Ce discours « social » vise à rallier certaines catégories du salariat, et à les dresser contre d’autres, tout en prétendant s’occuper des pauvres . Nous ne devons pas négliger son efficacité surtout chez des jeunes qui ont déjà intériorisé les discours sur les baby-boomers privilégiés qui défendent leur privilèges. Mais cette vision peut aussi rencontrer un écho parmi celles et ceux qui ont fait du travail précaire la seule pratique possible de la mobilité à laquelle ils aspirent, une rupture avec la subordination salariale. Avec cela et avec d’autres propositions Macron tente de surfer « moderne » sur le thème du rapport au travail en proposant des réponses bien sûr en conformité avec le capitalisme. Il n’empêche que nous devrions prendre un peu plus garde à répondre sur le fond à une stratégie plutôt que de penser qu’il se dégonflera tout seul ou sous la seule dénonciation d’un entre soi de gauche radicale. Dans la gauche de gauche il est de bon ton de négliger Macron, de ne pas mener vis à vis de lui la bataille politique et idéologique : nous ne pouvons lui abandonner le terrain de la lutte contre la subordination, les aspirations à l’autonomie professionnelle, à la maîtrise de son travail. Nous devons être capable de poser la question « oubliée par Macron de la propriété, ce doit d’user et d’abuser de la chose possédée : ce pouvoir du propriétaire c’est celui qui permet la subordination en dehors des garanties du salariat.

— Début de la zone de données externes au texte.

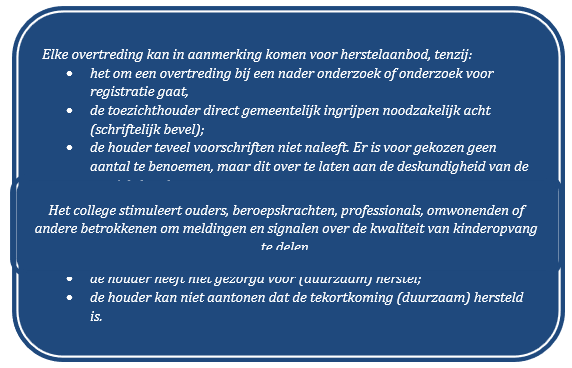 Het college spreekt houders aan op de eigen verantwoordelijkheid voor de kwaliteit van hun aanbod. Zodra de kwaliteit tekortschiet, spoort het college de houder aan om deze tekortkomingen snel en structureel te herstellen. Het resultaat van een herstelaanbod kan voor het college reden zijn om niet direct bestuurlijk te handhaven. Door kinderopvanghouders hiertoe in de gelegenheid te stellen, worden tekortkomingen eerder hersteld en kan het college onnodig handhaven voorkomen. Dat kan bijvoorbeeld passend zijn als overtredingen zijn hersteld of als uit het inspectierapport blijkt dat een overtreding binnen afzienbare periode is hersteld.

Bien sûr le programme de Macron se situe dans la suite des mesures prises ces dernières années : il assume le bilan tout en regrettant que le gouvernement soit resté en deçà de ce qui était nécessaire. Il appelle donc à la poursuites des réformes pour transformer profondément le modèle social. Mais son projet brouille les pistes et les repères, car il a aussi réussi à prendre ses distances avec l’économisme régnant pour présenter un projet de société, une vision d’avenir qui fait trop défaut y compris en ayant recours à la philosophie humaniste. Il tient aussi un discours anti-bureaucratique de modernisation propre à séduire largement : en fait il vise à remodeler les fonctionnement des appareils d’ Etat en le rapprochant de la gestion des entreprises et en donnant plus de poids aux multinationales baptisées pour l’occasion acteurs de la société civile.

En fait Macron est le véritable héritier de François Hollande et du courant social libéral même s’il s’en défend pour mieux rallier une diversité de secteurs à sa candidature. Mais il est aussi l’héritier du centre et de son projet de dépassement des conflits droite-gauche, et même celui du Giscard d’un français sur 3. Le même phénomène de « renaissance du centrisme » se voit en Europe sous des modalités diverses dont Ciudanados (le Podemos de droite en Espagne ) ou d’autres en Autriche ou ceux qui dans le mouvement « 5 Stelle » tentent le rapprochement avec les libéraux belges par exemple. La caractéristique de ces mouvements est de se situer dans la critique, la contestation des régimes en place tout en sauvegardant le libéralisme : la revendication de la rupture reste au niveau du seul système politique de représentation:tous prétendent créer une « bonne représentation » comme solution à la crise de la démocratie avec un rapport au peuple somme toute populiste modéré . En fait le libéralisme se donne comme solution de secours des forces qui contestent les partis qui jusqu’alors le représentaient et qui lui ont permis de se construire et de dominer.

Macron se sert aussi de cette fonction « contestataire » pour regrouper autour de lui des groupes sociaux aux intérêts différents : le flou de son programme est délibéré, il participe de cette rupture avec les élites qui savent tout, et cette imprécision permet des rassembler large.

Plus encore que la droite, une victoire de Macron -devenu le défenseur de la démocratie face au FN- aurait des conséquences catastrophique en termes de « désarmement idéologique » de celles et ceux qui veulent encore changer ce monde. Il répond en novlangue libérale à cette aspiration au changement : « il faut que tout change pour que rien ne change».

1On peut m’objecter que pour l’instant les départs du PS sont limités, mais je crois qu’une partie de ces cadres et élus PS sont encore dans l’expectative et n’ont pas mesuré la crise du PS : ils compte reprendre en mains un appareil contre le vote des primaires, est ce jouable? Pour quels résultats ?.